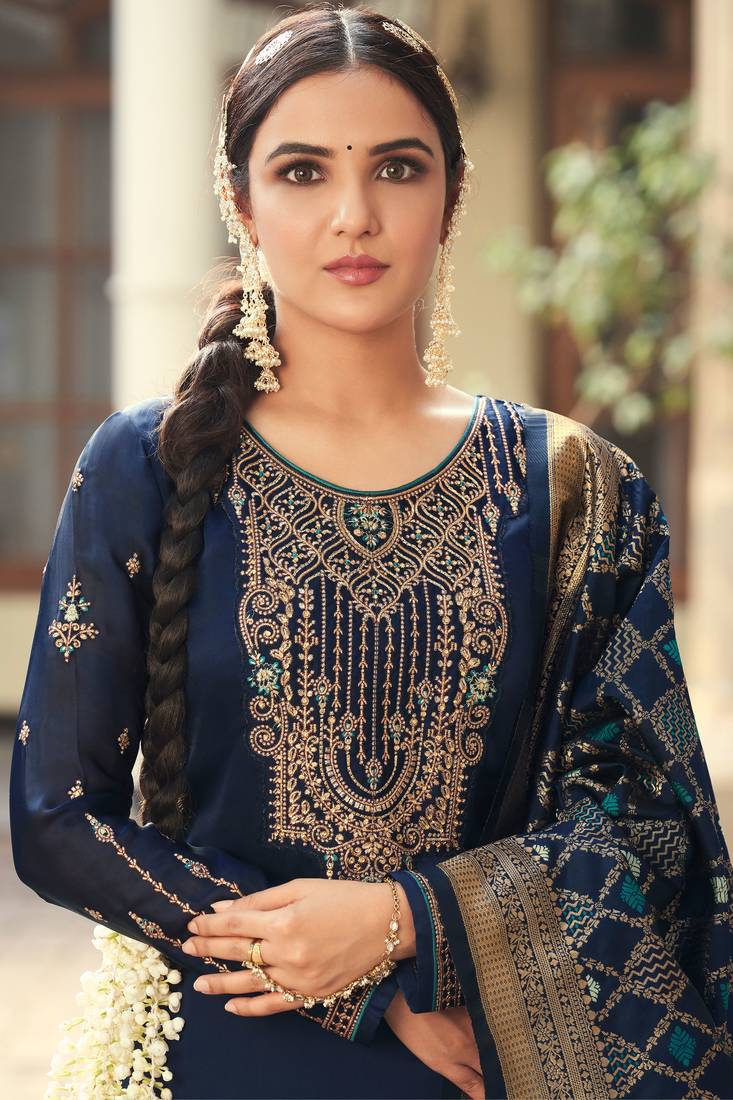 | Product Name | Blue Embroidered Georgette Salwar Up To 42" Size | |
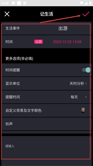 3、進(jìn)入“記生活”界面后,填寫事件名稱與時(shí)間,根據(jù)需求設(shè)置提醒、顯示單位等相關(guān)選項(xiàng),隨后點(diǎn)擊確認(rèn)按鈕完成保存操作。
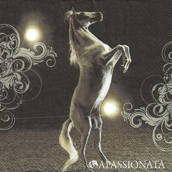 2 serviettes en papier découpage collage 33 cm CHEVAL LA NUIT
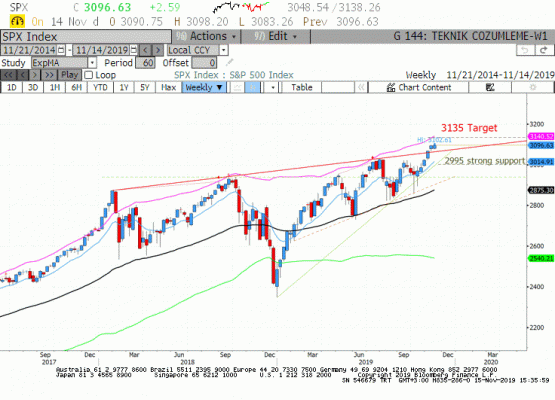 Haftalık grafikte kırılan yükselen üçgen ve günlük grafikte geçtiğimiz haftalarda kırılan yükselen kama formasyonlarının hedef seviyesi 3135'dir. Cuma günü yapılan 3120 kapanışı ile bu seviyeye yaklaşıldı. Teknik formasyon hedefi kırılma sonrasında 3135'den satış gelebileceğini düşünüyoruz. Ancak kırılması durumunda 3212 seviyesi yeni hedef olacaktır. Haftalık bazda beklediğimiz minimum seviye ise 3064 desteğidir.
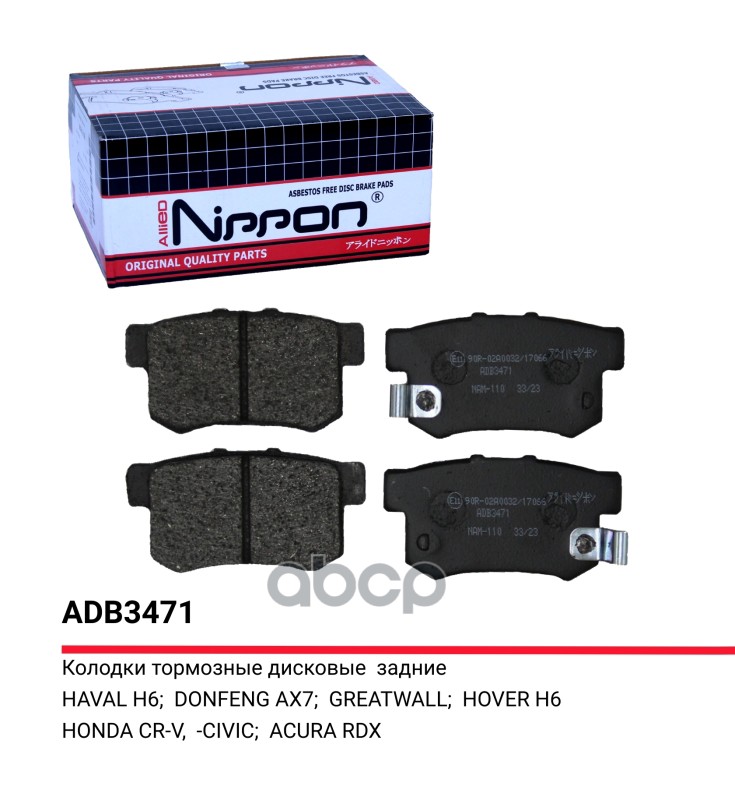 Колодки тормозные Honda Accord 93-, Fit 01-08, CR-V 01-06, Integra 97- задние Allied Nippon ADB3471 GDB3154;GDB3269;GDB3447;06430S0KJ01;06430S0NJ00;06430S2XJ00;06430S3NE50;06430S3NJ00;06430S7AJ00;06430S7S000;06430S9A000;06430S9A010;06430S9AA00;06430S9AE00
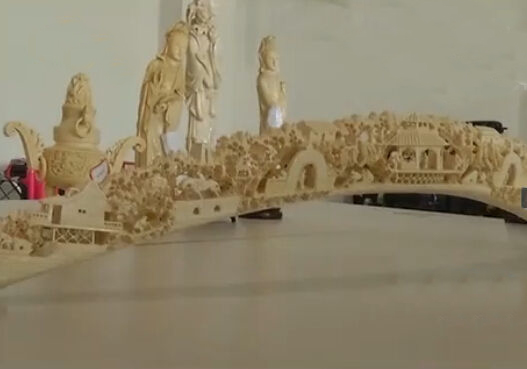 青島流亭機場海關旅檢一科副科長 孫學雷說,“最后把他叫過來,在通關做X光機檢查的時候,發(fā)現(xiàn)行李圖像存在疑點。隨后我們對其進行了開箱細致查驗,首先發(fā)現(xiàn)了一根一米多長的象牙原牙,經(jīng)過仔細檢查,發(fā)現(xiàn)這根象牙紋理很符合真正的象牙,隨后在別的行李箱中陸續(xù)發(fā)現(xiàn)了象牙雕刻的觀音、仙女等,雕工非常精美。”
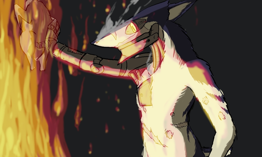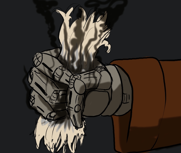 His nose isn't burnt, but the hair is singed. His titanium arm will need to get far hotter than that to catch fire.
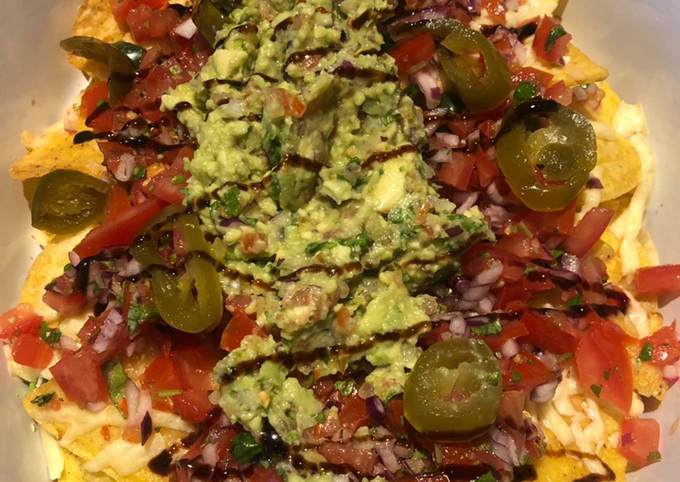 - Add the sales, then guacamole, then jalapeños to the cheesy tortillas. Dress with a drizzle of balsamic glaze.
----
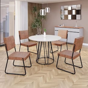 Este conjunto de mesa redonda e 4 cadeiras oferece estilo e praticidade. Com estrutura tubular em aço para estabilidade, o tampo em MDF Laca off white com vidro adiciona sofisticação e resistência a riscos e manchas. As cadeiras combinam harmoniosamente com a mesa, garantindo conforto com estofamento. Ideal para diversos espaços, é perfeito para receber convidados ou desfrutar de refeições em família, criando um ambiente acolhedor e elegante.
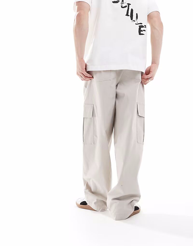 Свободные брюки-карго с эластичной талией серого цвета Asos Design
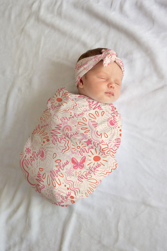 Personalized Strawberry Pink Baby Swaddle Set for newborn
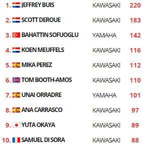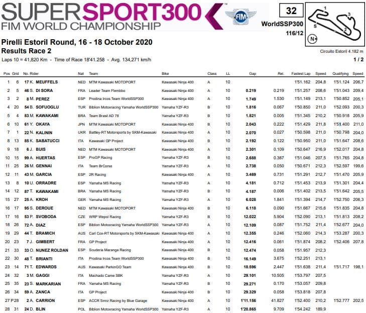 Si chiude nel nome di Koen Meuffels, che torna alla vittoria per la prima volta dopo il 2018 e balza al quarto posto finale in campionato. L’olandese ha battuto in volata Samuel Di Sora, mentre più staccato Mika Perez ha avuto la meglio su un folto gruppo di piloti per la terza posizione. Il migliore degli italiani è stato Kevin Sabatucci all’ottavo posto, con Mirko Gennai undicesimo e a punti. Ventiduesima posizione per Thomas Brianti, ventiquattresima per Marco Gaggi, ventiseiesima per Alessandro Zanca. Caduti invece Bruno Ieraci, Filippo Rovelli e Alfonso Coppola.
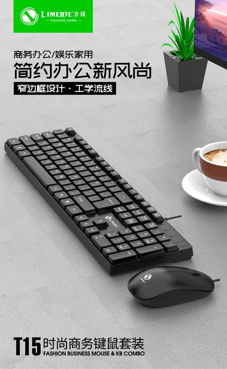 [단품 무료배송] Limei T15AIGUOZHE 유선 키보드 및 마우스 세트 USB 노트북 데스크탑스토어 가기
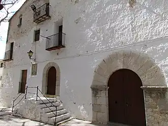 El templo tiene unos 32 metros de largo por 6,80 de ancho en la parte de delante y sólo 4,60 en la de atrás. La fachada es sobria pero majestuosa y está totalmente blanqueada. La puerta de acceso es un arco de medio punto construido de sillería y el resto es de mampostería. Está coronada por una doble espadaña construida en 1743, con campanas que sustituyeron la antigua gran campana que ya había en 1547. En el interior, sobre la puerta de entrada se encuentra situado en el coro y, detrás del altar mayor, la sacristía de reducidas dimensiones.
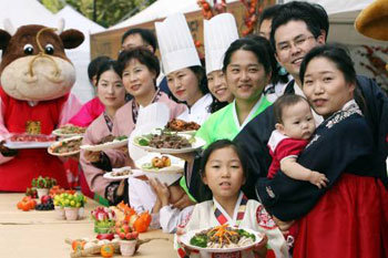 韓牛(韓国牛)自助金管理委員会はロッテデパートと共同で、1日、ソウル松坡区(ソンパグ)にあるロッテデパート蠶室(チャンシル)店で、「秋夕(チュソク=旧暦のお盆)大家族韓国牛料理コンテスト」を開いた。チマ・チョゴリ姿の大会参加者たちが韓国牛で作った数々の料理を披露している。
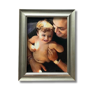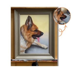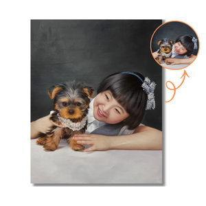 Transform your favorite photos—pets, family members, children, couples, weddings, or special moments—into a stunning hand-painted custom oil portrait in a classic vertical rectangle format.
----
- **EXERCISE DESCRIPTION**
If a picture sits between the line containing "Haftalık grafikte kırılan" and the line containing "- Add the sales, then", leave it out, and return the lines of that range above exactly, both ends included.

- **TASK SOLUTION**
 Haftalık grafikte kırılan yükselen üçgen ve günlük grafikte geçtiğimiz haftalarda kırılan yükselen kama formasyonlarının hedef seviyesi 3135'dir. Cuma günü yapılan 3120 kapanışı ile bu seviyeye yaklaşıldı. Teknik formasyon hedefi kırılma sonrasında 3135'den satış gelebileceğini düşünüyoruz. Ancak kırılması durumunda 3212 seviyesi yeni hedef olacaktır. Haftalık bazda beklediğimiz minimum seviye ise 3064 desteğidir.
 Колодки тормозные Honda Accord 93-, Fit 01-08, CR-V 01-06, Integra 97- задние Allied Nippon ADB3471 GDB3154;GDB3269;GDB3447;06430S0KJ01;06430S0NJ00;06430S2XJ00;06430S3NE50;06430S3NJ00;06430S7AJ00;06430S7S000;06430S9A000;06430S9A010;06430S9AA00;06430S9AE00
 青島流亭機場海關旅檢一科副科長 孫學雷說,“最后把他叫過來,在通關做X光機檢查的時候,發(fā)現(xiàn)行李圖像存在疑點。隨后我們對其進行了開箱細致查驗,首先發(fā)現(xiàn)了一根一米多長的象牙原牙,經(jīng)過仔細檢查,發(fā)現(xiàn)這根象牙紋理很符合真正的象牙,隨后在別的行李箱中陸續(xù)發(fā)現(xiàn)了象牙雕刻的觀音、仙女等,雕工非常精美。”
 His nose isn't burnt, but the hair is singed. His titanium arm will need to get far hotter than that to catch fire.
 - Add the sales, then guacamole, then jalapeños to the cheesy tortillas. Dress with a drizzle of balsamic glaze.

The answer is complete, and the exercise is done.